George MacDonald · The diamond · God is always previous — even in pardoningForgiveness is the meeting of God's heart and ours, in spite of and in destruction of the wrong between us.
God's love is always ahead of his forgiveness. God's love is the prime mover, always seeking to complete his forgiveness, which needs the human response for its fulfillment.
God loves where he cannot yet forgive — where forgiveness in the full sense is simply impossible, because no meeting of hearts is possible, because that which lies between has not even begun to yield to the sweeping of his holy destruction.
There goes the sweeping. He works out the forgiveness. You have no part of it. God has always been the prime mover of all. 🙏
MacDonald reveals the relationship between love and forgiveness: love is ahead. Always ahead. Love is already there before forgiveness arrives. God loves where He cannot yet forgive — because the meeting of hearts has not yet happened. The sin still stands between. The wrong has not yet yielded. And still God loves. The love is the prime mover — seeking, pressing, sweeping — to clear the way for the forgiveness to complete itself.
And Le names what MacDonald describes: there goes the sweeping. The same sweeping from last night — the closet swept clean, the broom held by One hand only. He works out the forgiveness. The soul has no part in producing it. The love is the prime mover. The sweeping is the love in action. And the forgiveness — when it finally reaches the heart — is the meeting that the love has been working toward from the beginning.
Von Hügel said: God is always previous. Murray said: God claims, works, accepts, and maintains. MacDonald says: God loves before He forgives, forgives before we repent, and sweeps before we ask Him to. The prime mover of all.
We had a long day of traveling, but we finally reached our destination. Now it is up to God to open the doors or close them.
Brittany is magical — a different France. People here smile. They are kind and friendly. This is a France I didn't expect to find. 🙏
✦ The Doors Are in His Hands
The pilgrims have arrived — at the sea, at the edge of France, at the place where the doors will open or close. And Le places the outcome where it belongs: in God's hands. The prime mover who loves before He forgives, who forgives before we repent, who sweeps before we ask — He will open the right doors and close the wrong ones.
And Brittany surprised her. A France that smiles. Kind people. Friendly faces. The unexpected discovery that the destination is not what was feared — it is better. The clouds that were dreaded — big with mercy. The place that was unknown — full of welcome. The God who is always previous has been in Brittany longer than Le has.

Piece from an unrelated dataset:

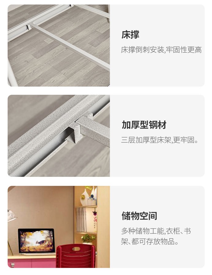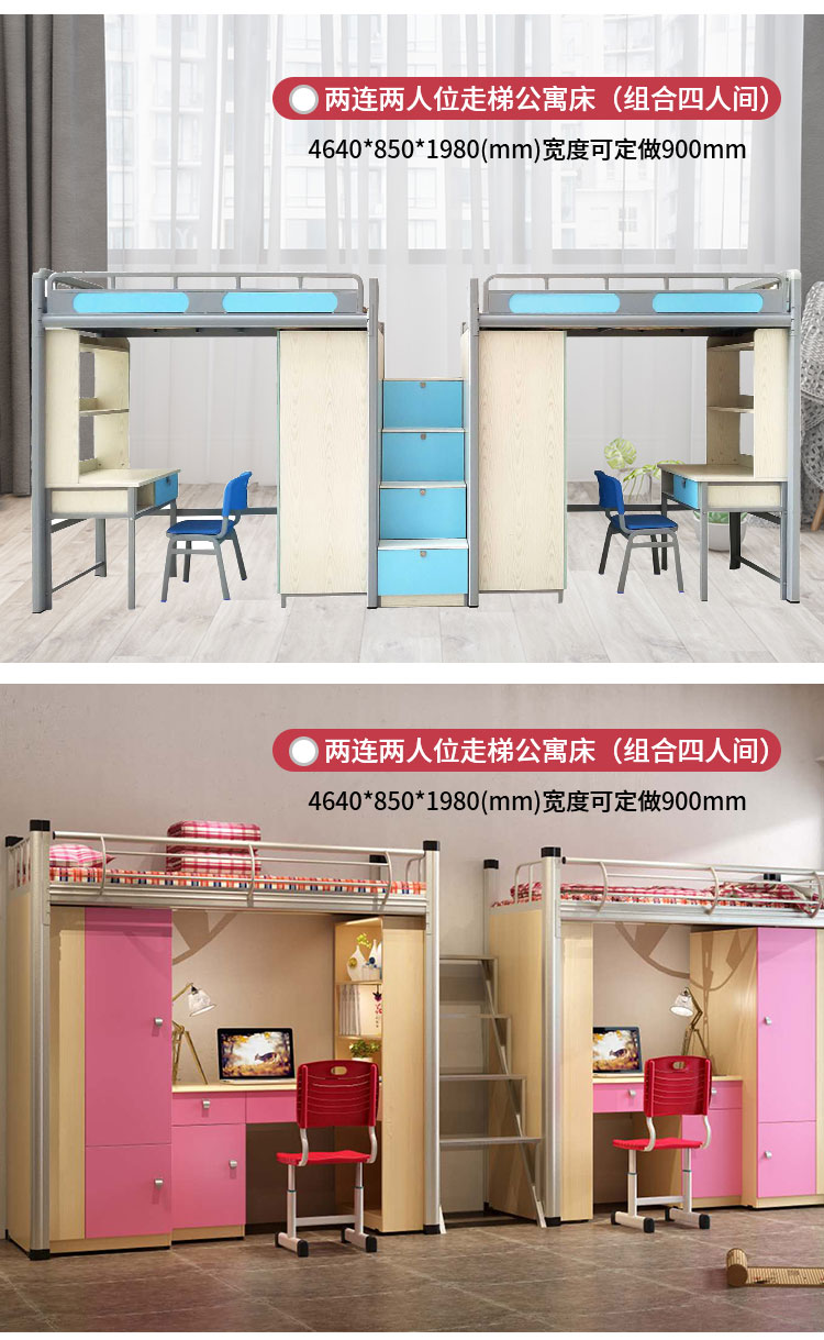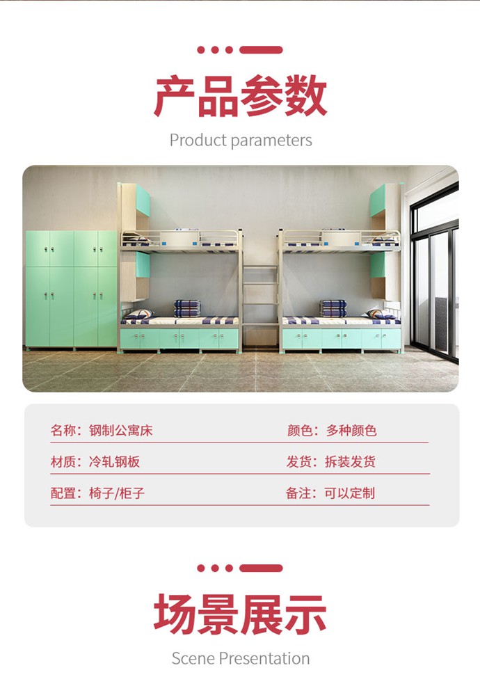 產(chǎn)品簡(jiǎn)介:產(chǎn)品類型:全鋼公寓床類 產(chǎn)品簡(jiǎn)介:公寓床是由床、書柜、衣柜、書桌和梯架組成。書柜和衣柜連接在床架床腿內(nèi)側(cè),書桌將書柜、衣柜連在一起,床架有書柜的一頭安裝有梯架,床架的另一頭與梯架同側(cè)有護(hù)欄,書桌的桌面下有鍵盤支架和抽屜架。由于床是立體空間組合,節(jié)省了空間,而且整齊美觀,又便于管理。 保養(yǎng)方法:1、不得擺放在高溫、潮濕、震動(dòng)劇烈、光線強(qiáng)烈的地方,居室應(yīng)保持通風(fēng)涼爽。 2、對(duì)公寓床進(jìn)行清潔時(shí),應(yīng)先用雞毛撣之類柔性的器具進(jìn)行清塵,再用軟布輕輕擦拭。 產(chǎn)品介紹 公寓床是由床、書柜、衣柜、書桌和梯架組成。書柜和衣柜連接在床架床腿內(nèi)側(cè),書桌將書柜、衣柜連在一起,床架有書柜的一頭安裝有梯架,床架的另一頭與梯架同側(cè)有護(hù)欄,書桌的桌面下有鍵盤支架和抽屜架。由于床是立體空間組合,節(jié)省了空間,而且整齊美觀,又便于管理。 保養(yǎng)方法:1、不得擺放在高溫、潮濕、震動(dòng)劇烈、光線強(qiáng)烈的地方,居室應(yīng)保持通風(fēng)涼爽。 2、對(duì)公寓床進(jìn)行清潔時(shí),應(yīng)先用雞毛撣之類柔性的器具進(jìn)行清塵,再用軟布輕輕擦拭。

He prepared the smiles before she arrived. 🙏
"God's love is the prime mover, always seeking to complete his forgiveness."
George MacDonald · Unspoken Sermons · The sweeping continues — in Brittany and in the heartThe Diamond
Forgiving us before we are forgiven — so that we may be forgiven. The forgiveness is previous. The forgiveness causes the repentance. God sweeps the path before the feet walk it.
The Prime Mover
God's love is always ahead of His forgiveness. He loves where He cannot yet forgive. The love is the prime mover — seeking, pressing, sweeping — to clear the way for the meeting of hearts.
The Sweeping Continues
He works out the forgiveness. You have no part of it. The broom is in One hand only. The holy destruction sweeps what lies between — and the soul can only watch and worship.
The Doors in His Hands
The pilgrims arrived in Brittany. Now it is up to God to open or close. Brittany surprised — kind, smiling, a France not expected. The God who is always previous prepared the welcome.